Grumman|Butkus Associates, a firm of energy efficiency consultants and sustainable design engineers, released the results of its 2021 Hospital Energy and Water Benchmarking Survey focusing on healthcare facilities’ resource usage trends and costs for the year 2020.
Since GBA initiated the survey more than 25 years ago, hospitals’ overall fossil fuel use has trended downward, but electricity use isn’t declining as much. The average combined Btu/ft2 (electricity plus gas/steam) for participating facilities was 236,743 in this year’s survey, up from 233,491 in CY2019. However, interpretation of year-to-year trends should be tempered by the realization that the respondent pool for the 2021 survey was different from the pool from the 2020 edition, due to the stresses that COVID-19 response placed on the healthcare facility personnel who normally participate, particularly during CY19.
Square-foot prices for gas/steam fell ($0.65 in 2020, compared with $0.67 in 2019), but square-foot prices for electricity were up ($2.44 in 2020, compared with $2.32 in 2019).
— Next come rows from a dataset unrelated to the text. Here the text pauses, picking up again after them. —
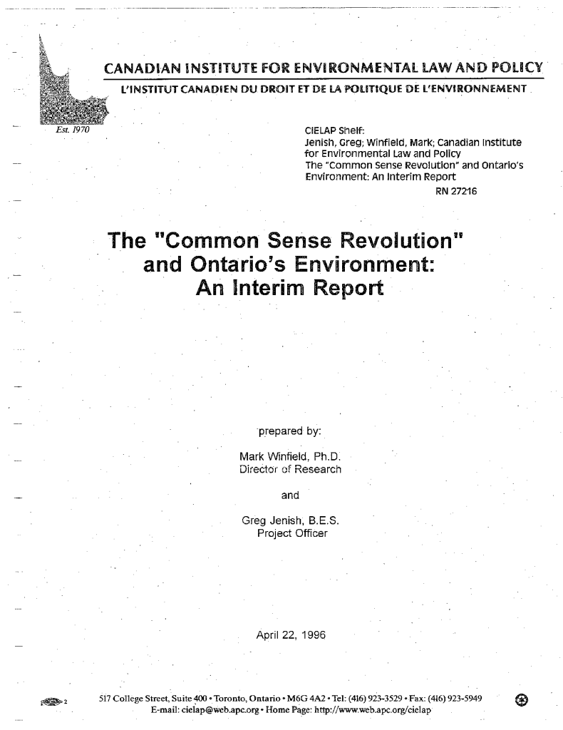 Fonds 2.0 - Canadian Institute for Environmental Law and Policy
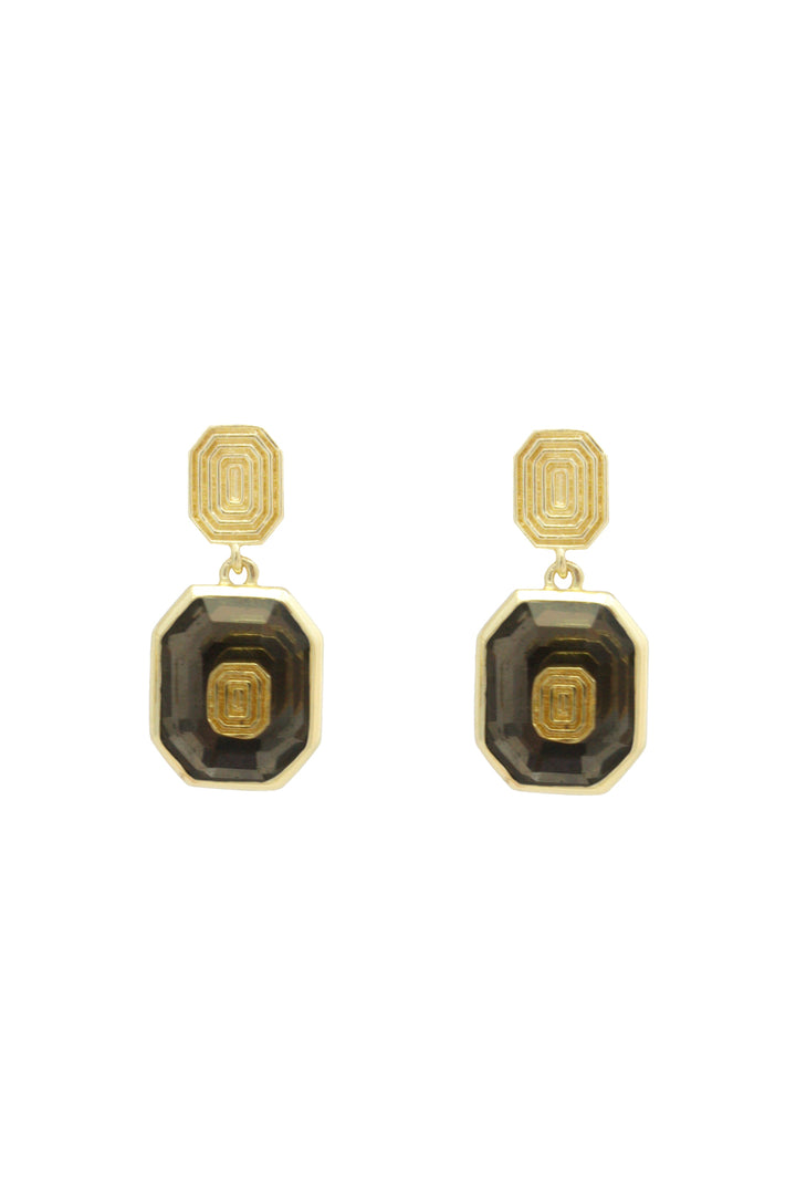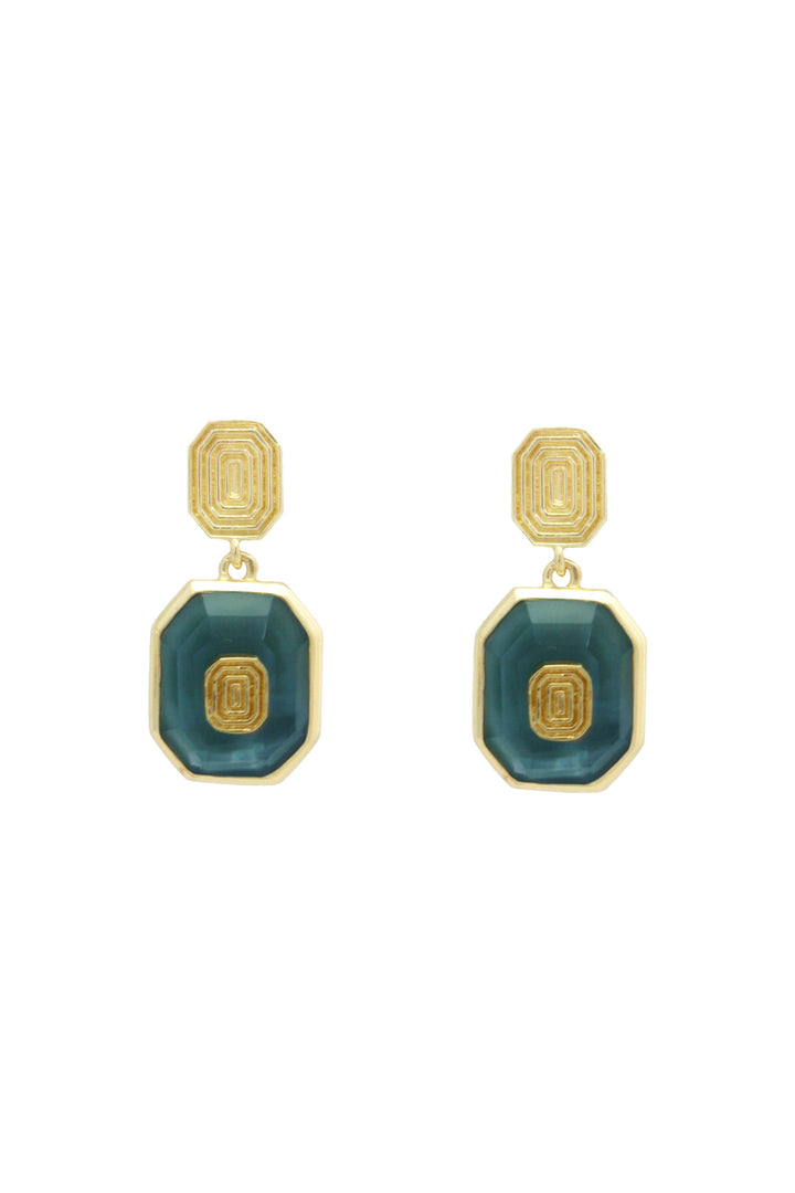 The Reese Gemstone Earrings by Marcia Moran feature 18k gold-plated drop earrings with octagonal coin and gemstone details, offering a refined and stylish look. Handmade in Brazil, these earrings add a touch of elegance to any outfit.
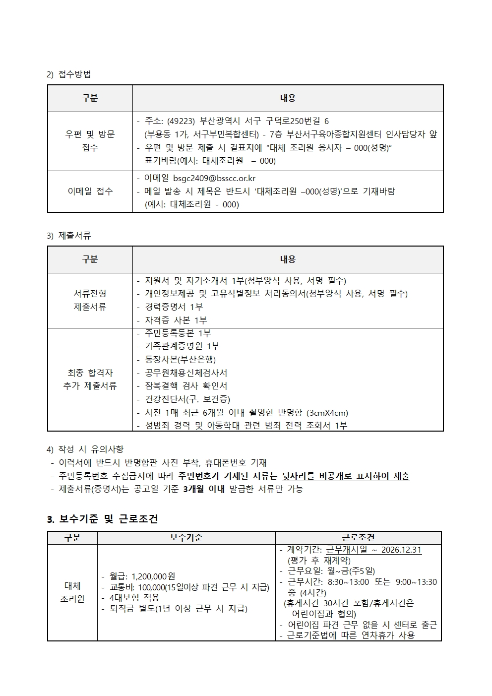 부산서구육아종합지원센터 대체조리원 채용 재공고.hwp
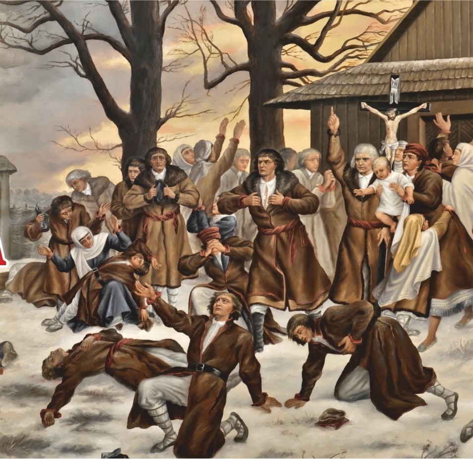 Do wsi 24 stycznia 1874 r. przybyły dwa oddziały carskiego wojska, głównie Kozacy, którzy działając w imieniu imperatora rosyjskiego dokonali masakry. Obrońcy świątyni, widząc, że wojsko ma nakaz zabijania stawiających opór, uklękli na cmentarzu świątynnym i umierali z modlitwą na ustach, śpiewając "Święty Boże" i "Kto się w opiekę". Nie złorzeczyli prześladowcom, bo jak mówili: "słodko jest umierać za wiarę". Kozacy zabili 13 miejscowych unickich parafian, a ranili około 180 osób (w tym kobiety i dzieci), bowiem nie chcieli oni odstąpić od swojej świątyni oraz bronili swojego katolicyzmu i jedności z Papieżem. Zostali wtedy zabici: Wincenty Lewoniuk (25 lat, żonaty), Daniel Karmasz (lat 48, żonaty), Łukasz Bojko (lat 22, kawaler), Bartłomiej Osypiuk (lat 30, żonaty), Onufry Wasyluk (lat 21, żonaty), Filip Geryluk (lat 44, żonaty), Konstanty Bojko (lat 49, żonaty), Anicet Hryciuk (lat 19, kawaler), Ignacy Frańczuk (lat 50, żonaty), Jan Andrzejuk (lat 26, żonaty), Konstanty Łukaszuk (lat 45, żonaty), Maksym Hawryluk (lat 34, żonaty), Michał Wawryszuk (lat 21, żonaty).
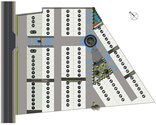 โครงการอยู่ในซอยประชาอุทิศ 131 แปลนของโครงการเป็นรูปคล้ายๆ สี่เหลี่ยมคางหมู ภายในโครงการมีแบบบ้านทาวน์โฮม 2 ชั้นอยู่ 87 หลัง และแบบบ้านโฮมออฟฟิศอีกประมาณ 18 หลัง รวมทั้งหมด 105 หลัง โดยแบบบ้านโฮมออฟฟิศจะอยู่แนวด้านหน้าของโครงการทั้งหมด และทาวน์โฮม 2 ชั้นจะอยู่ด้านใน ในส่วนของสวนสาธารณะ และสระว่ายน้ำ จะอยู่ค่อนมาด้านหลังของโครงการ
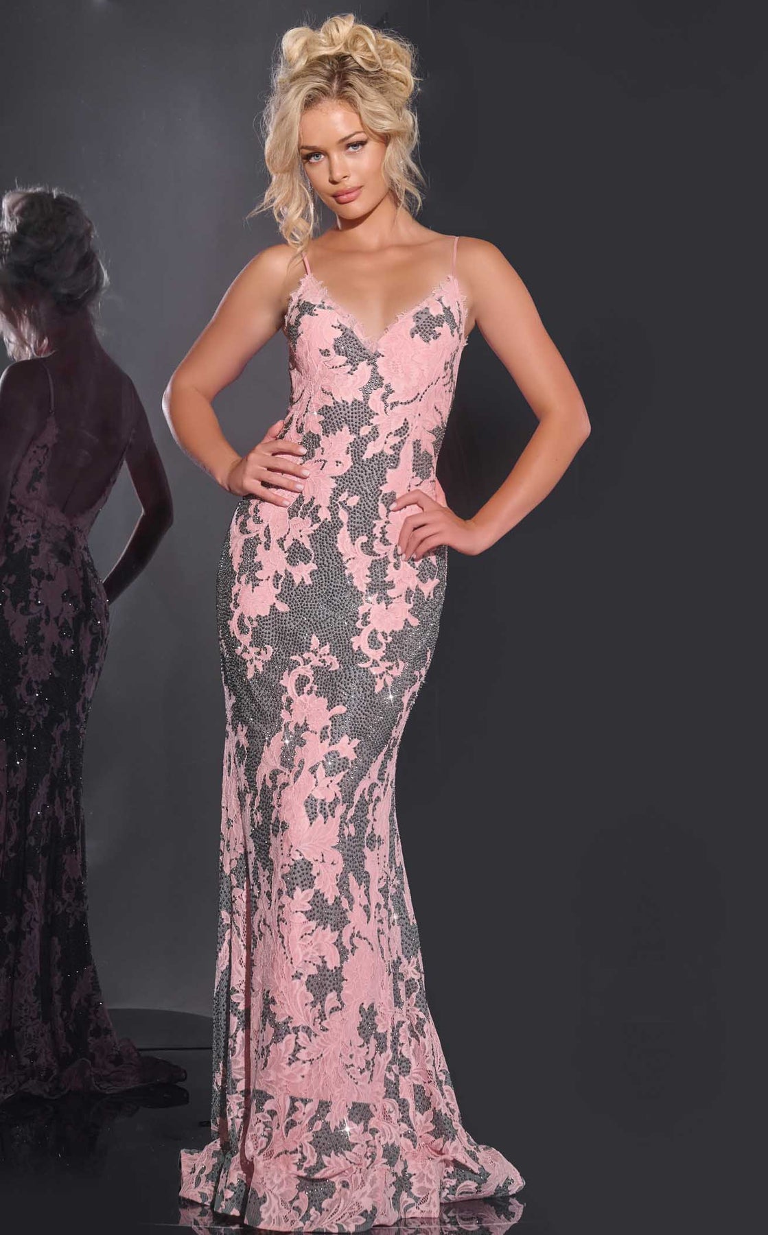 Get ready to enchant the crowd in Jovani 44033, a captivating lace tulle gown. Delicate spaghetti straps and a fitted bodice adorned with 3D floral accents and sparkling rhinestones add depth and radiance. The open back and mermaid silhouette add allure, while the back zipper allows for easy wear. Make an unforgettable statement!

The overall result is that total reported ft2 costs for energy (gas/steam plus electric) increased: $3.09 for 2020, compared with $2.99 for 2019.
Hospitals’ average carbon footprint has remained fairly steady at 50 to 60 pounds of CO2 equivalent per ft2 per year since GBA began calculating carbon data in 1999. CO2 footprint in 2020 was up from a low in 2019 (likely attributable to a change in respondents for the 2020 survey), but still shows an 18% decrease from 2018. “To meet the ambitious goals put forth by the Biden Administration, hospitals will have to achieve much more significant reductions in the near term,” says GBA-Illinois Chairman Dan Doyle. “These reductions can only be achieved by implementing larger and more costly retrofits of existing buildings. The drive to decarbonize will also require building owners to embrace fuel switching to renewable-based energy sources. Many leading healthcare systems are implementing on-site renewables (usually solar photovoltaic systems), as well as off-site renewables, often funded through Power Purchase Agreements (PPA) to purchase some or all of their electricity.”
Participating facilities displayed a broad range of energy usage patterns. For instance, a few of this year’s survey participants reported fossil fuel consumption of more than 200,000 Btu/sf/year, compared with the general mid-range of facilities (about 130,000 Btu/sf/year) and those that used the least (75,000 Btu/sf/year or less). These variations mean that hospital fossil fuel energy costs may exceed $1.50/sf/year or come in at less than $0.50/sf/year.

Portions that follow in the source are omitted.